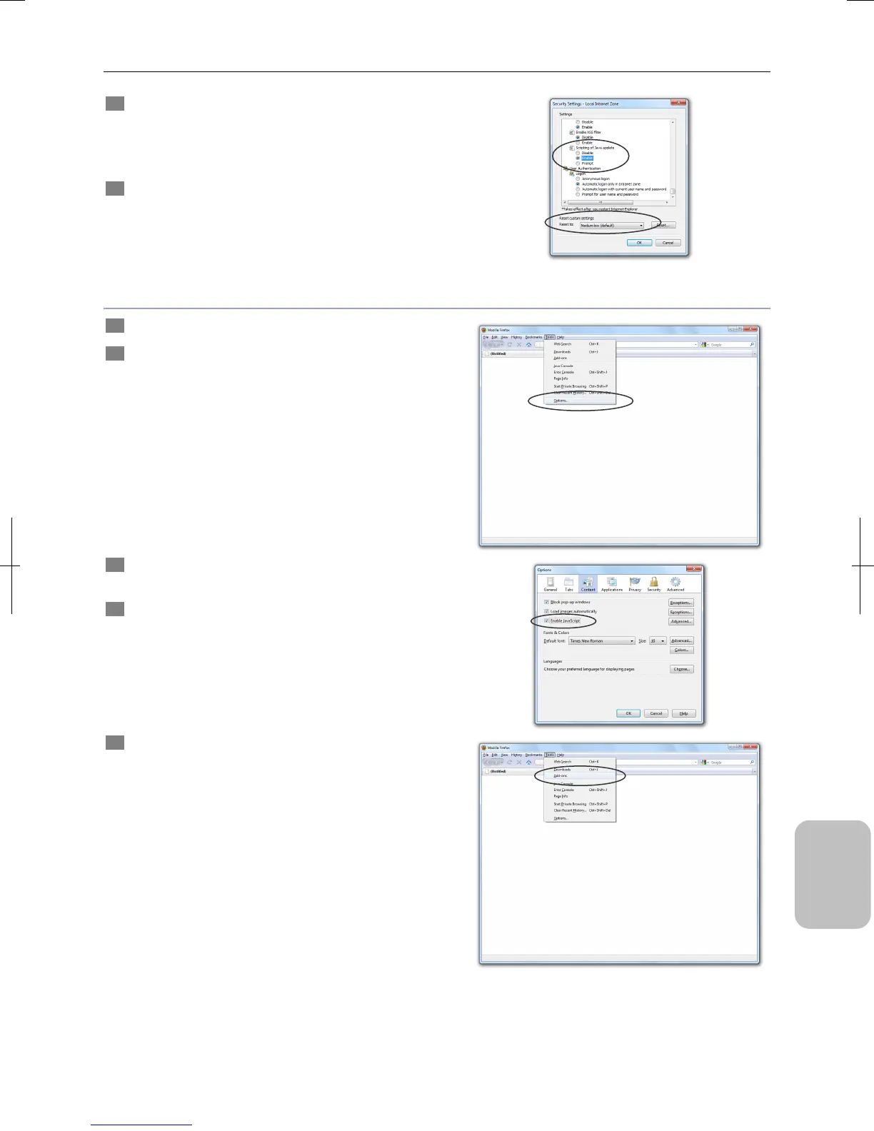 Set [Scripting of Java Applets] in [Settings] to [Enable].
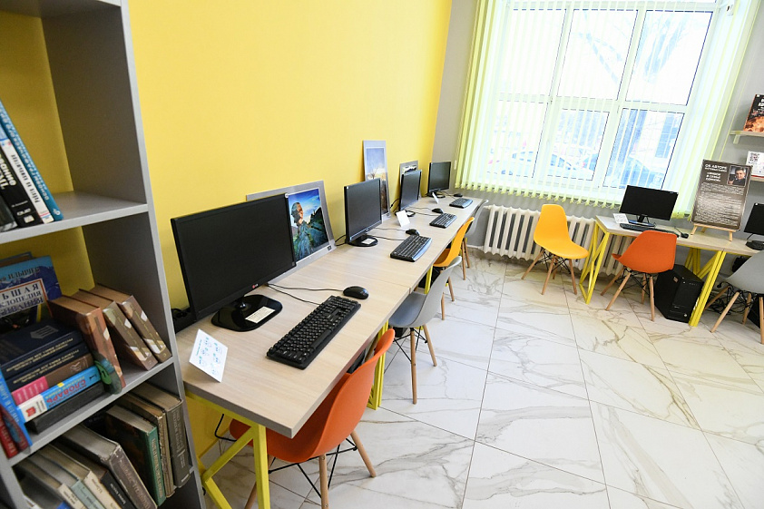 Обновился медиазал. Теперь здесь 12 компьютеров, на которых доступны интерактивные игры для проверки своих знаний. На игровом автомате «Игрёнок» для разных возрастных групп установлены раскраски, кроссворды, викторины, ребусы, игры на логику. «Игрёнок» в библиотеке с 2018 года, и новую цветовую гамму медиазала подбирали под него. Часто, пока мамы выбирают книги, детишки играют здесь.
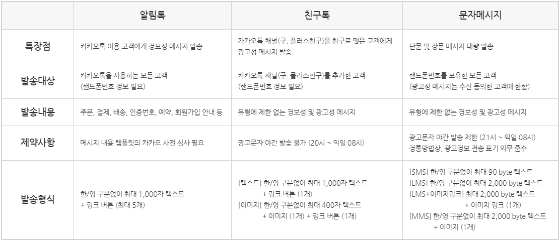 - 시스템에서 자동으로 발송되는 알림톡, 문자메시지 등에 적합
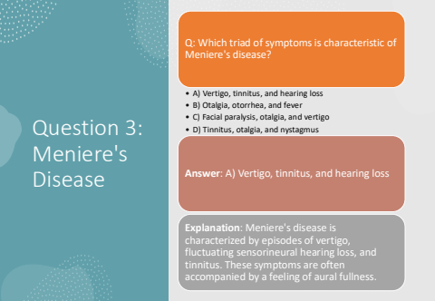 Question 3: Meniere's DiseaseQ: Which triad of symptoms is characteristic of Meniere's disease?%u2022 A) Vertigo, tinnitus, and hearing loss%u2022 B) Otalgia, otorrhea, and fever%u2022 C) Facial paralysis, otalgia, and vertigo%u2022 D) Tinnitus, otalgia, and nystagmusAnswer: A) Vertigo, tinnitus, and hearing lossExplanation: Meniere's disease is characterized by episodes of vertigo, fluctuating sensorineural hearing loss, and tinnitus. These symptoms are often accompanied by a feeling of aural fullness.
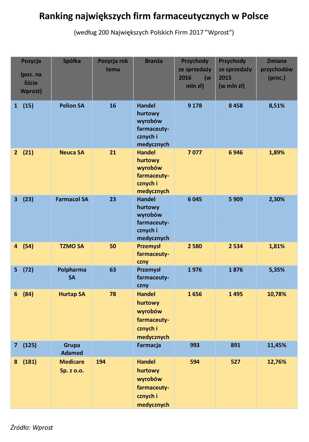 Oto największe polskie firmy farmaceutyczne sklasyfikowane w zestawieniu 200 Największych Polskich Firm 2017 magazynu „Wprost”:
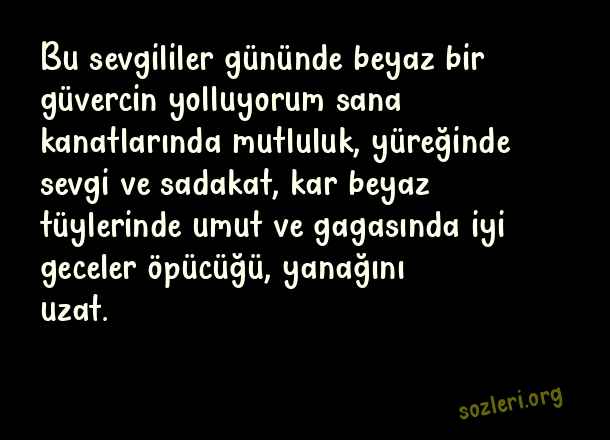 Bu sevgililer gününde beyaz bir güvercin yolluyorum sana kanatlarında mutluluk, yüreğinde sevgi ve sadakat, kar beyaz tüylerinde umut ve gagasında iyi geceler öpücüğü, yanağını uzat. ( 14 Şubat Sevgililer Günü İle İlgili Mesajlar )
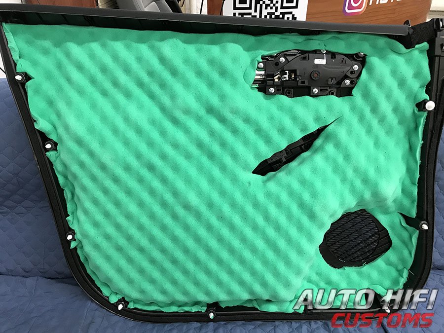 Перед установкой дверных накладок на свои места, наклеили под них толстый и эффективный шумоизолятор.
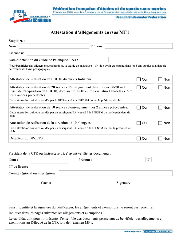 Get the free Attestation dallgements cursus MF1 - plongee-cias
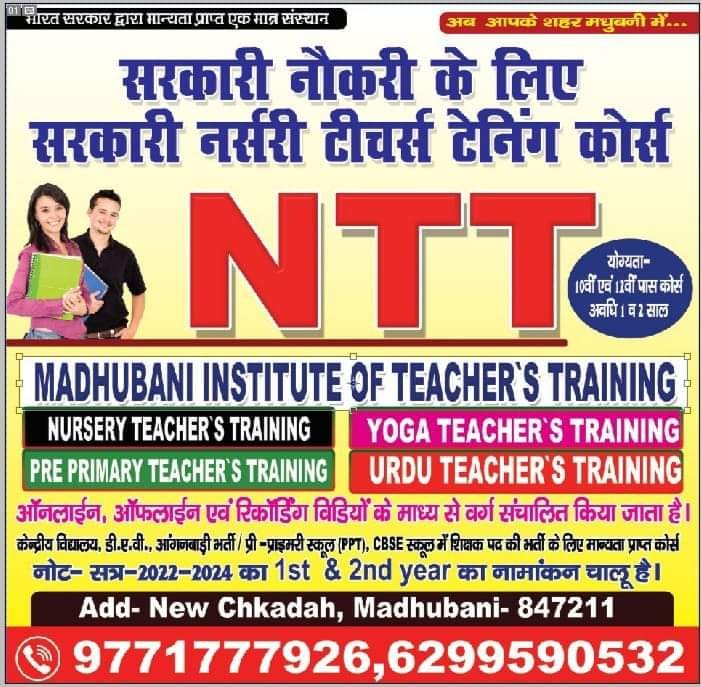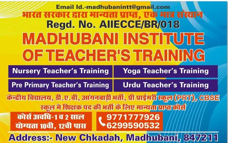Welcome to Madhubani Institute Of Teacher's Training is Running Under the Aegis of MSME Registered (UDYAM-BR -10-.........) With Government of India. And also An ISO 9001:2015 Certified Company, Since 2024 We are Providing Educational Facilities. भारत सरकार द्वारा मान्यता प्राप्त एक मात्र संस्थान MADHUBANI INSTITUTE OF TEACHER'S TRAINING. अब आपके शहर मधुवनी में भी NTT (Nursery Teacher Training) and B.Ed & D.EL.ED सरकारी शिक्षक बनने का सपना साकार होगा!
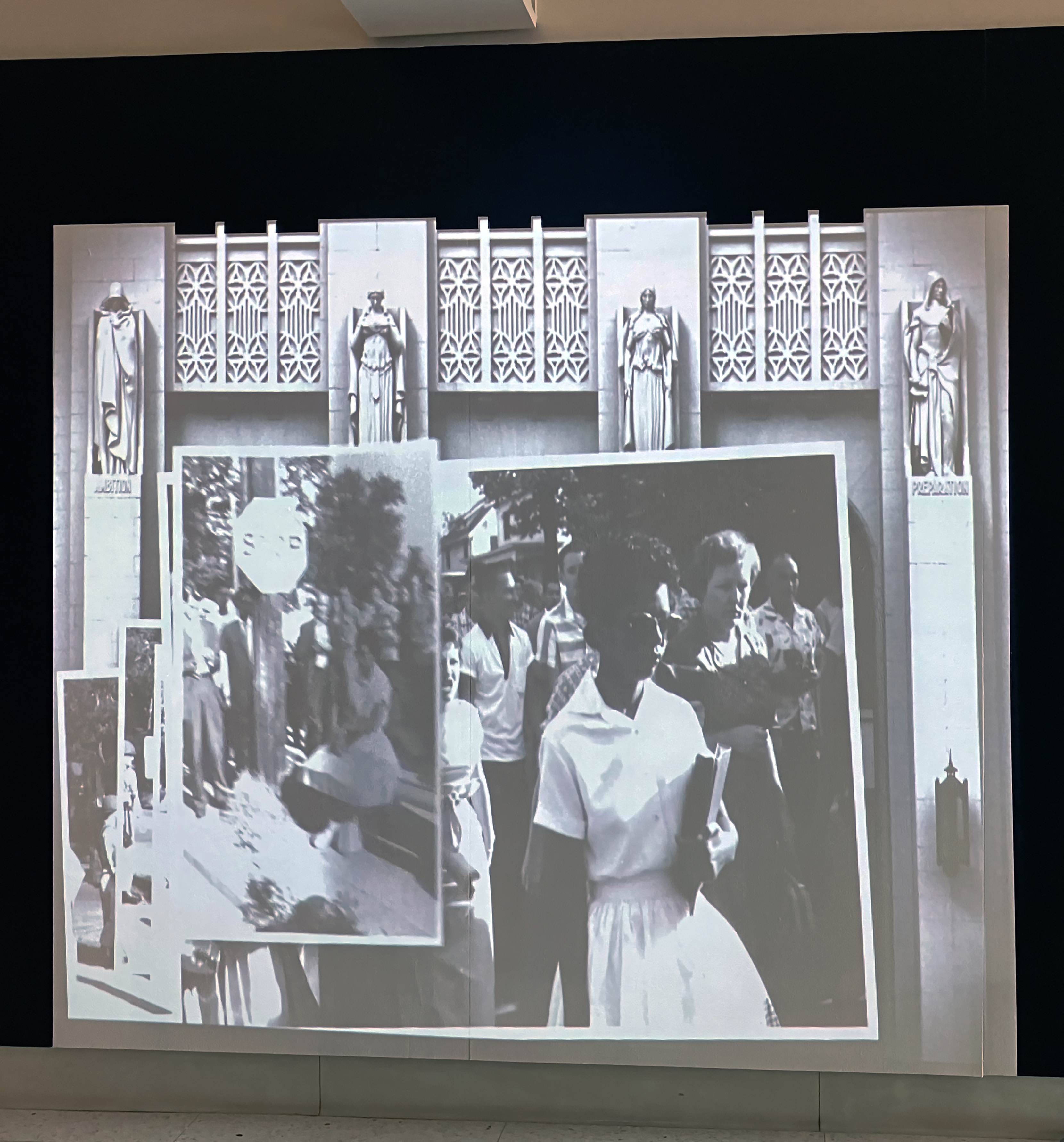Little Rock Central High School is a National Historic Site and is the only operating high school in the United States to receive such designation. In 1927, the newly constructed Central High was named “America’s Most Beautiful High School” by the American Institute of Architects. In 1957, the school made international news headlines as nine Black students were denied entry in defiance of federal desegregation law, in what became known as the Little Rock Central High Desegregation Crisis. Imagine if Buildings Could Talk is a nine-minute animation that was projection mapped on the school building’s main entrance to commemorate the 90th anniversary of the building’s construction and the 60th anniversary of the Central High desegregation crisis. The animation was designed around four themes: the building’s construction; the student perspective using 90 years of yearbook photos; the desegregation crisis featuring the famous photos by Will Counts; and a message for a bright future inspired by the school’s commitment to diversity.
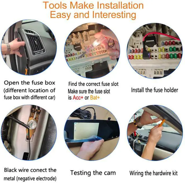 Open the fuse box(the position of the fuse box varies among different cars), find the correct fuse slot for your hardwire kit. If you need to find an ignition switched fuse, put the key in the vehicle, find the fuse which is not lit up while the car is off, and test it by turning the car on to see if it lights up. If your kit requires constant power, turn off the car and remove the key to see which fuse slots stays lit on.
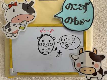 給食委員会の担当クラスは5年3組のだったのですが、牛乳のホワイトボードに「やったー!0だー!」というセリフと共に可愛いイラストを書いていました!!
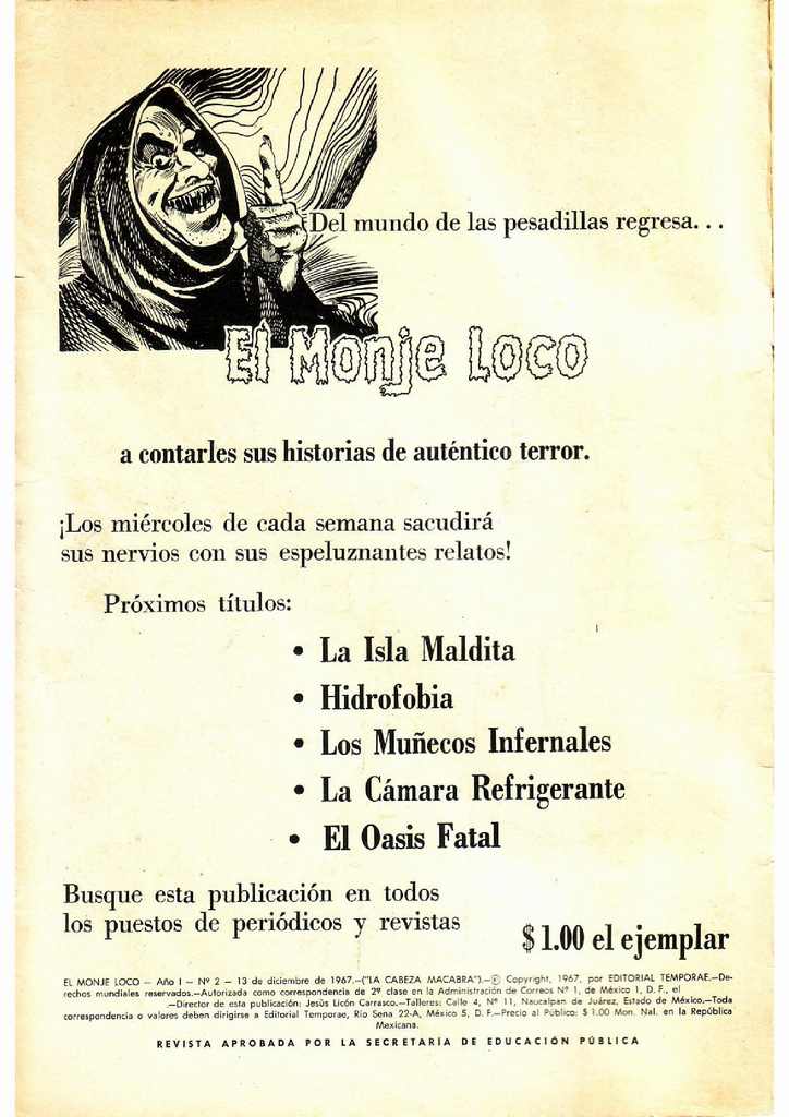 Cabeza macabra - El Monje Loco - Revisteria Ponchito
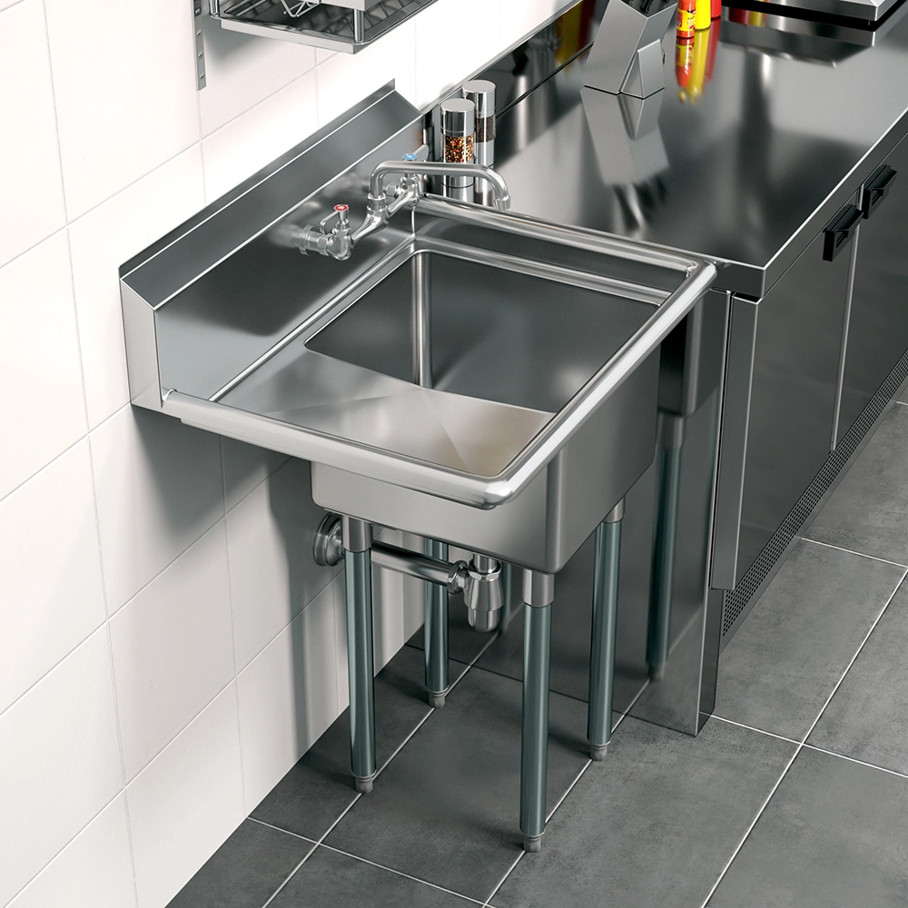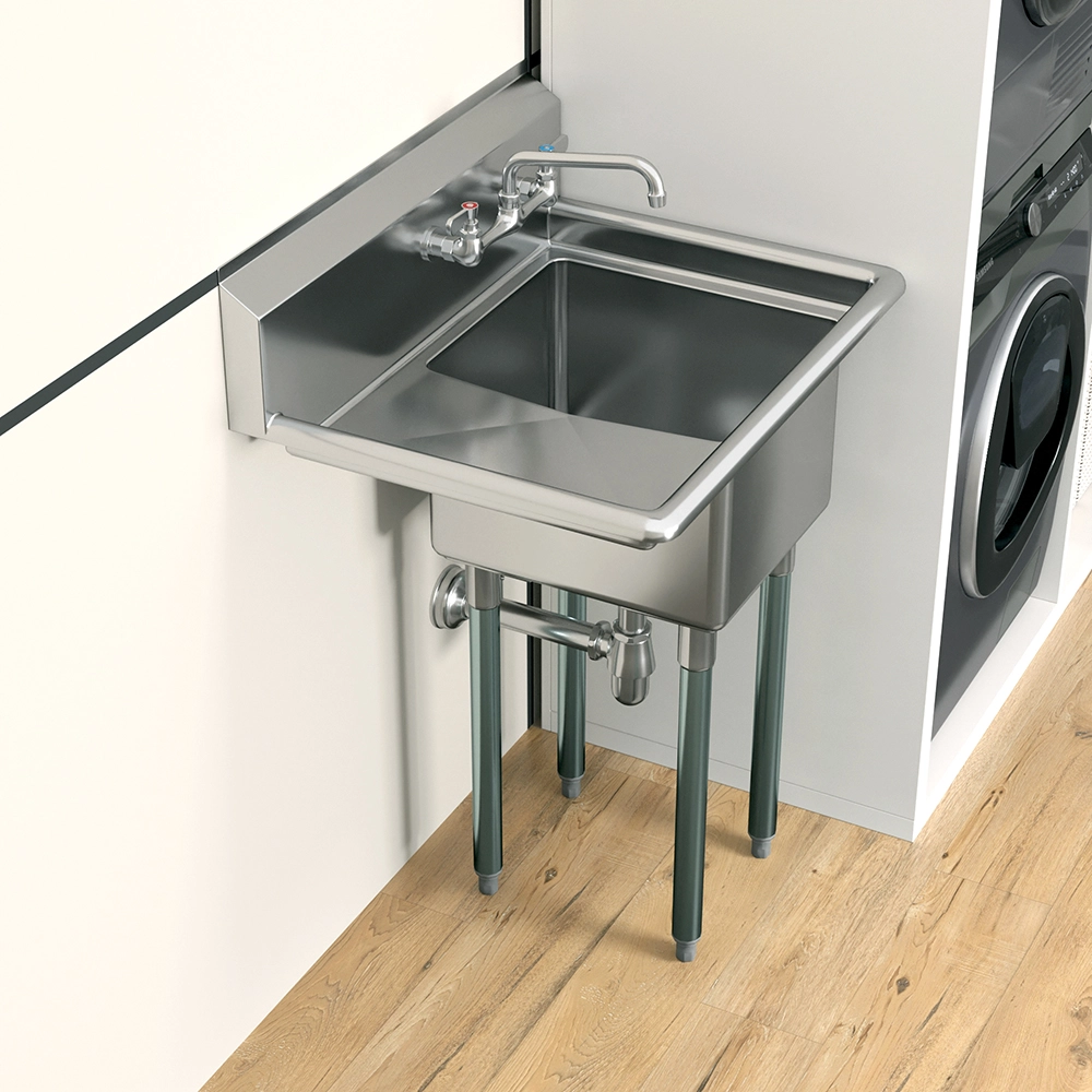 Perfect for restaurants, cafes, utility rooms, and workshops, this sink is built to handle the rigors of daily use while maintaining its sleek appearance. Its compact footprint makes it a versatile choice for spaces where efficiency and organization are essential.
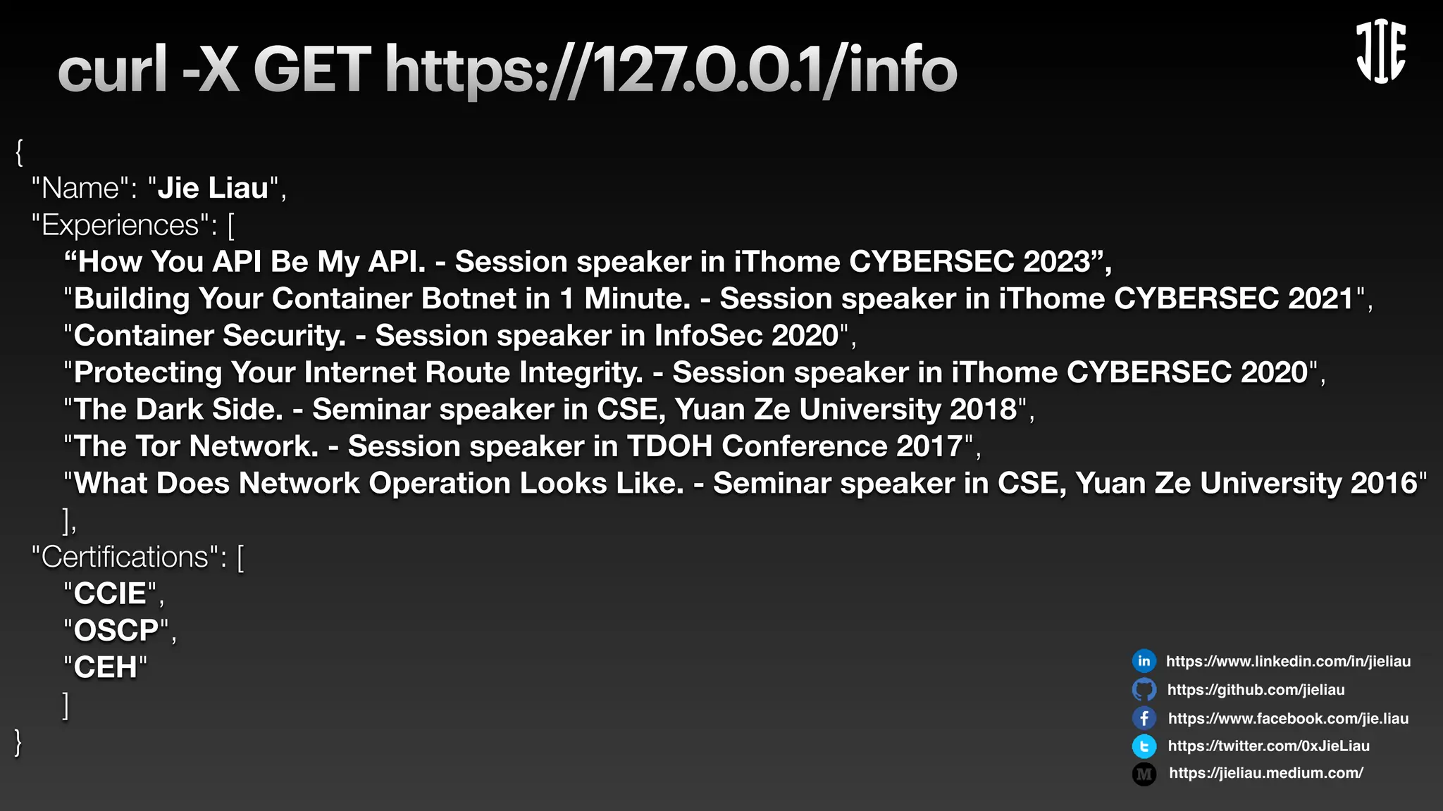 Jie Liau gave a presentation on API security. The presentation covered how APIs have become a primary attack vector, the OWASP API Security Top 10 risks, real world API attacks on companies like Coinbase, T-Mobile, and Instagram, and tools for testing API security like Postman and Burpsuite. It also provided details on API security issues like broken authentication, authorization, inventory management, and server side request forgery. The goal was to educate attendees on the growing API attack surface and best practices for securing APIs.

→ **EXERCISE REQUIREMENTS**
Write out exactly the run of lines above that starts at the line containing "Get the free" and ends at the line containing "Welcome to Madhubani". Include both, and leave the pictures out.

→ **SOLUTION TO THE EXERCISE**
 Get the free Attestation dallgements cursus MF1 - plongee-cias
Welcome to Madhubani Institute Of Teacher's Training is Running Under the Aegis of MSME Registered (UDYAM-BR -10-.........) With Government of India. And also An ISO 9001:2015 Certified Company, Since 2024 We are Providing Educational Facilities. भारत सरकार द्वारा मान्यता प्राप्त एक मात्र संस्थान MADHUBANI INSTITUTE OF TEACHER'S TRAINING. अब आपके शहर मधुवनी में भी NTT (Nursery Teacher Training) and B.Ed & D.EL.ED सरकारी शिक्षक बनने का सपना साकार होगा!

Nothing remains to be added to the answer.